ABD ve NATO’nun Afganistan ve Afganistan’a yağdırdıkları bombardımanlar sonucu yüz binlerce sivil öldürüldü. 

-Yine ülkemizi yıkmaya yönelik PKK ve bu terör örgütünün çeşitli uzantılarına destek verenler terör olarak görülmüyor. Irak’ta, Suriye’de Afganistan’da ve Türkiye’deki terör örgütlerini destekleyen veya onların silahlanmasını görmezlikten gelen ülke liderleri veya siyasiler terörist olarak hiç görülmedi.

Terör olayları sonucu  öldürmelerde ölenler asker değil hepsi sivildi. Bu masum sivil halk üzerine bomba yağdıran devletler nedense terörist olarak görülmüyor. 

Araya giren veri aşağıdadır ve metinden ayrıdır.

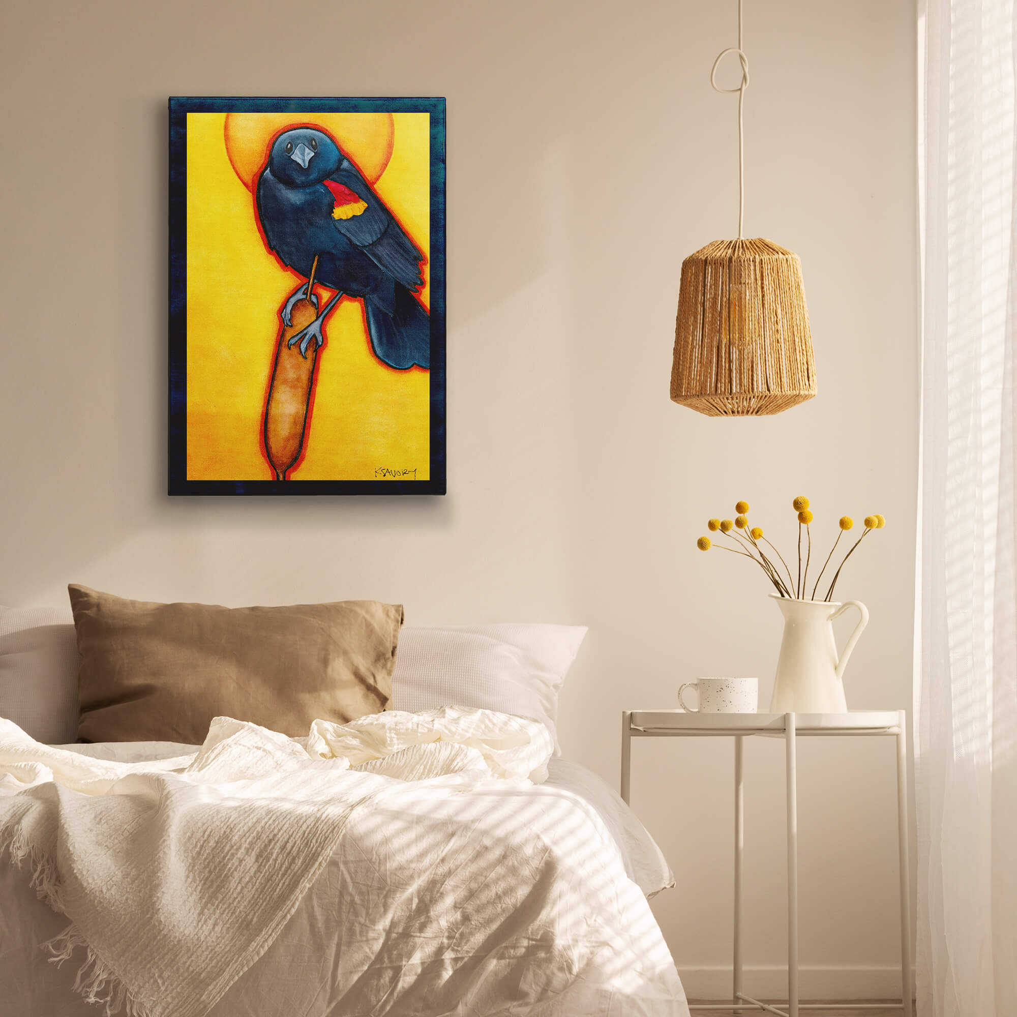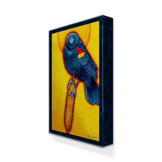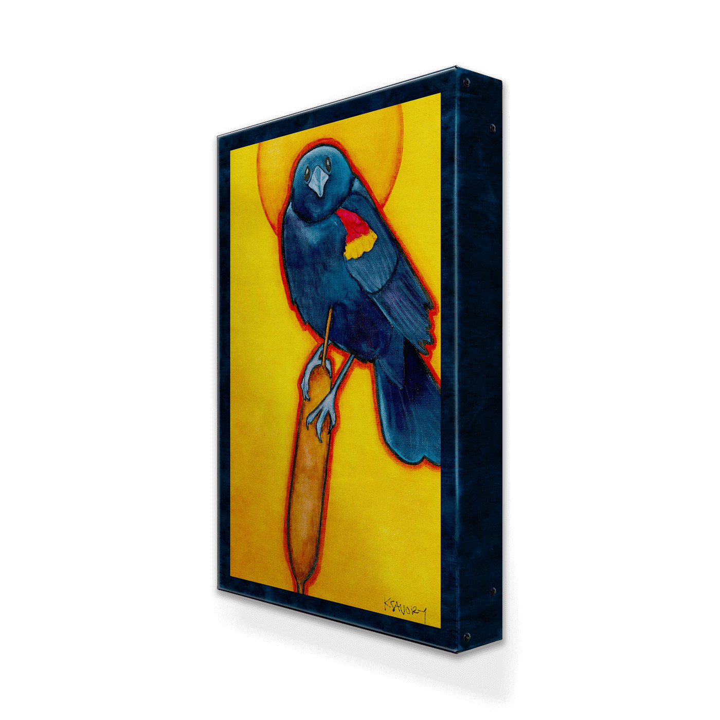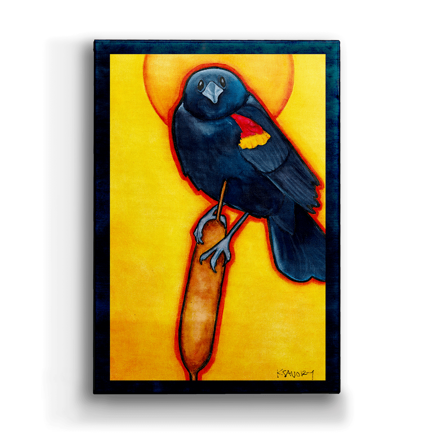 Illuminate your space with this striking artwork of a red-winged blackbird perched gracefully on a cattail, bathed in the golden glow of a radiant, sunny halo. The bold contrast of deep blue-black against vibrant yellows brings this elegant bird to life, evoking a sense of majesty and reverence for nature's beauty. Perfect for bird lovers and art enthusiasts alike, this piece captures the drama of wildlife in a modern, spiritual style.

Kendi yaptıklarını özgürlük, demokrasi adı ile kendi öldürdüklerini allayıp pulluyorlar. Haksız yere öldürülenlerini yani burada kendi yaptıkları öldürme eylemlerini sanatsal bir anlatımla basından gizliyorlar. 

İşit şemsiyesi altında Sünni-Şii çatışması yaratılıyor. 

Zamanında dönemin devrik lideri Saddam Hüseyin Sünnilik adına ortaya çıktı. İran’a saldırttılar. Saddam parasal ve silah yönünden desteklendi. Bu savaşta toplam 1,5 milyon insan hayatını kaybetti. 

Günümüz dünyasında Müslümanlar nüfus bakımından dünya nüfusunun 4’te birini oluştururken dünya ekonomisinden aldıkları pay sadece 1/20’de birdir.

Usame b. Ladin kimdi; ABD istihbaratının yetiştirip dünyanın başına bela ettikleri biridir.

Bugün Türkiye’de hemen her gün 5’eş, 10’ar, 20’şer kişi çeşitli terör örgütlerinin saldırıları sonucu yok edilmektedir. Bunu bir aya ve bir yıla vurduğumuzda bir ayda biz en az 300 bir yılda ise 3600 genç kitlemizi kaybediyoruz.  

Yani bir yılda tam 3600 ocak sönüyor. 

Yani bir yılda tam 3600 yuva yıkılıyor.

Bu terör eylemleri ve olaylarının arkasında planlı bir imha hareketi vardır. O imha hareketi ise bizim devletimiz ayakta tutan genç devlet yöneticilerini yok etmektir. Bunun tez elden önleminin alınması gerekir. Devletler insan gücüyle özellikle genç insan gücünün üzerinde güç kazanır. Bir milletin geleceğine bakmak için o milletin genç kitlesine bakmak lazımdır. Gençlik ne kadar güçlü olursa o devlet gelecekte o kadar güçlü olur. Bu gün Avrupa gençliği ahlakı çöküntü içindedir. Dinamik bir gençlikleri yoktur. Bu nedenle gelecek açısından Türk Milleti Avrupa açısından büyük bir tehdit olarak görülmektedir. Bu nedenle planlı olarak Türk gençliği çeşitli terörist eylemler sonucu yok edilmeğe çalışıldığını görmekteyiz. Ayrıca bu terör olayları sonucunda gençlik psikolojik bunalıma sürülmektedir.